The next question comes from Benjamin Nolan of Stifel.
So I have a couple of market questions myself. There's been, has been, continues to be some noise about crude tankers, trading and the products. We don't have great visibility into that thing. And so I was hoping that maybe you could give a little bit of an update on how that's playing out and if there's been any shifts or changes or what you're seeing in that respect?
Cam, I'll start and maybe you can add if I leave something out?
Sure.
Ben, we have seen it. So it's predominantly Suezmax's that have carried distillate, specifically diesel from India to the U.K. They're going to discharge later this month than next month. The challenge is where do they go after. We can tell you that it's been done predominantly by commodity traders. So where that vessel goes after it discharges and it will need to [indiscernible] smaller vessels remains unclear. But you would have to have a very weak crude oil market for those vessels to want to travel back to the Middle East or India to try to load another clean cargo.
The only thing I'd add, Ben, is consistent with what we've said in previous quarters and years, it is a significant investment to clean up a larger vessel that's been trading dirty. And so you're not talking about an easy process. In fact, you not only have to clean the vessel, but you have to find intermediate cargoes that aren't as prone to contamination like condensate, for example, in order to get that clean history. Once they are cleaned up, historically, those same traders that James is referring to, do not want to keep those vessels clean. They want to redeliver them because they have them mostly on charter themselves, want to redeliver them back to the owner in a dirty condition. So whether it's a single voyage or several voyages, it has historically been a temporary thing and not ships cleaning up for long periods of time.
And then the next question is and I know this is a wall of worry kind of thing, but continue to see that order book-to-fleet ratio moving higher. And I know that the Aframax, [ clean ] LR2 versus Aframax and age and everything else. Just out of curiosity, is there a point at which you'd say, "Oh, geez, I don't know, whatever it is, 20% order book-to-fleet ratio or something." That's starting to get frothy or just some sense as where you might think we are in the slope of risk with respect to supply?
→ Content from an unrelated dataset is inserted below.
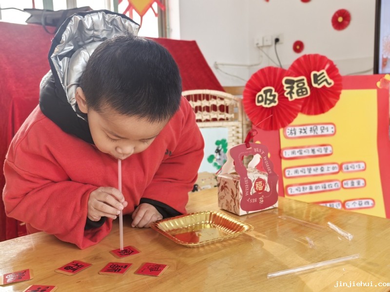 趣味游戏 福趣多多 游艺室里笑声多,家长和孩子来比赛:吸“福”字、钓“福”盒,拿到奖品时,孩子们欢呼雀跃,立即和同伴分享起来:“我的奖品是小海豚”“我的大礼盒里有妙脆角和棒棒糖”……

We think we're flying at the moment. I mean the outlook is pretty strong next 2, 3 years still, and you've got the ageing counterbalances you're saying. You've also got a market that - -yes, you had the movements from crude oil ships carrying, cleaning up and carrying and cleaning. But as I said before, this market is at a record high for this time of year. So it's absorbing that as well. So no, we're fine. And it's a good try Ben, but there's no possible way we're going to start posting on our website and my [ little ] chart train. At this point, the market is oversupplied, full stop.
Our next question comes from Christopher Robertson of Deutsche Bank.
Let me first by saying congratulations on significantly lowering the cash breakeven level here. I think it highlights the strong efforts you guys have done to strengthen the balance sheet over the last several quarters. So on that point, maybe, Chris, what will the cash breakeven level be, do you think, by the end of 2025, if the debt prepayments and normal quarterly amortization continues?
End of 2025 cash breakeven, so you have to layer in a lot of assumptions there. Like we shared earlier, we have this revolver, which we could potentially repay. We could potentially get down to below USD 12,000 per day, assuming these prepayments. By the end of 2025, you have to take into consideration things like inflation and the resumption of certain debt repayments. The big one on our USD 1 billion credit facility does not resume until September of 2026. So there's still some time there. So I would guess somewhere around 13 or so to directly answer your question, that's just an estimate right now.
Okay. Yes, that's fair. This is more of a high-level strategic question maybe for Robert. Maybe not looking into the near future, Robert, but looking out a few years ahead, are there any segments beyond the traditional refined product tanker space, whether it's in chemicals, whether it's in carbon capture and transport, any other sectors that might interest you in the future that are a bit tangential to the core of the business that could look more attractive in the coming years?
We'll pass on that.
Our next question comes from Frode Morkedal from Clarkson Securities.
Interesting chart on this page 12, where you show the LR2's trading clean, 56%. Right now, that seems to be fairly in line with long-term averages, but it's certainly above last year's level, roughly, when I look at this chart, maybe it was 52% last year. So last year, more of the LR2's were trading dirty or crude. Now they're trading clean. So that's been a negative fleet growth, right, of probably 4% on LR2's and then I guess with Ben talking about the cleaning, but do you have any crude tankers trading clean? Do you have any data points or how much are we talking about here?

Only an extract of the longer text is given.